Tuesday, March 17, 2009

my offering for St. Patrick's day

Brown Penny
-William Butler Yeats

I whispered, 'I am too young,'
And then, 'I am old enough';
Wherefore I threw a penny
To find out if I might love.
'Go and love, go and love, young man,
If the lady be young and fair.'
Ah, penny, brown penny, brown penny,
I am looped in the loops of her hair.

O love is the crooked thing,
There is nobody wise enough
To find out all that is in it,
For he would be thinking of love
Till the stars had run away
And the shadows eaten the moon.
Ah, penny, brown penny, brown penny,
One cannot begin it too soon.
Lucky Irishman that I am, I love my wife (and she-of-the-clover loves me).

Update: here's something found online at MEaning of WB YEats Brown penny

Yeats is one of the most important English language poets of the late 19th and early 20th centuries, and yet he is not typical of the period. Most poets in the language were moving toward free verse, but Yeats took a very traditionalist view of how poetry ought to be learned. The tradition of the ancient Irish was that to be a bard, a singer of verse, one had first to master all of the verse forms known to bards, and go into the wild places, living from hand to mouth, exposed to elements, to truly feel nature and to compose from one's feelings.

Yeats grew up in a wildly beautiful part of the Island, in County Mayo, and rambled there and in County Sligo. At one time, as a young man, he did ramble about the countryside in all weather, composing verse aloud as he sat beneath the dripping bush.

Brown Penny is not the work of the young Yeats, however--he wrote it in middle age. But as he grew older, he wrote more austere, more sparse verse, and became even more dedicated to verse form and traditional rhyming.
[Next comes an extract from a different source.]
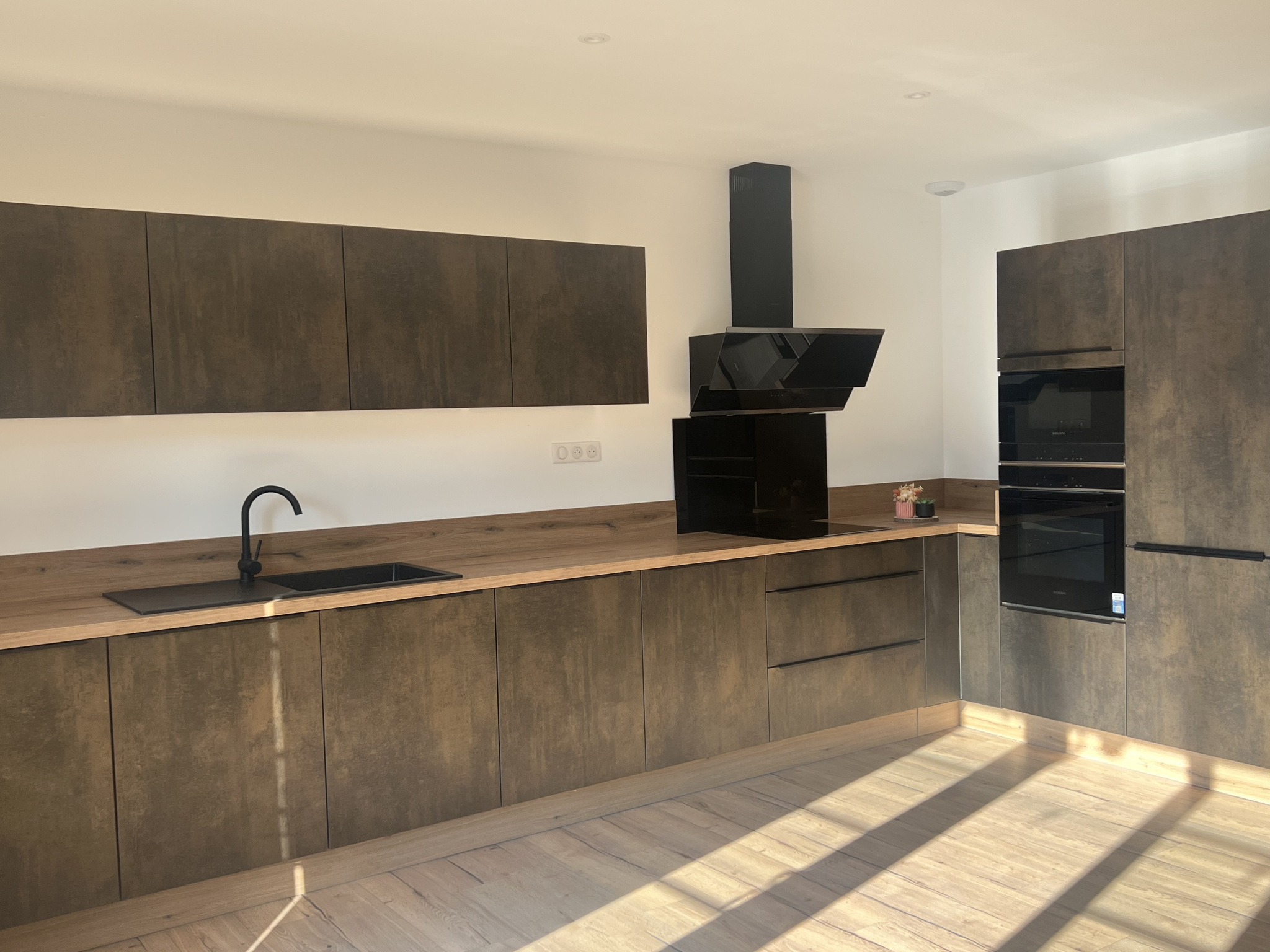 Photos non contractuelles — les extérieurs incluent une projection végétalisée assistée par IA. Les deux espaces extérieurs sont clôturés et n'attendent que votre touche végétale. Maison vendue non meublée (cuisine équipée incluse) avec 2 parkings faisant intégralement partie de la propriété.

In that respect, he moved farther from the poets of his generation.

Brown Penny is about love, and the welter of emotions which it engenders in the young man's heart. Joy, dismay, fear, wonder, doubt--and he has woven all of those into this brief poem. The old penny of the United Kingdom was a large brown coin, and had symbolic meaning to the common folk. One of those meanings was love, that love was something priceless, to which no mere material value could be attached. Although not understood today, that symbolism survives in the expression "a penny for your thoughts," which originally was used to indicate to the person spoken to that deep emotion motivated the question.

Brown Penny should be viewed as a song more than a poem, and a whirling dance of a song at that. Imagine the poet so immersed in his love and the conflicting emotional responses to which it gives rise, whirling in a dance, a reel, in which he is "looped" in the hair of his lover, both literally and fiburatively, and wrapped ever more securely in the emotions which have gripped him. If you can, sing the poem to yourself, and think of the twirling Irish dance known as the reel. It is quite a marvelous work of poetry, and very much in the ancient Irish spirit of acheiving freedom within the bounds of form.
That seems pretty much to the point.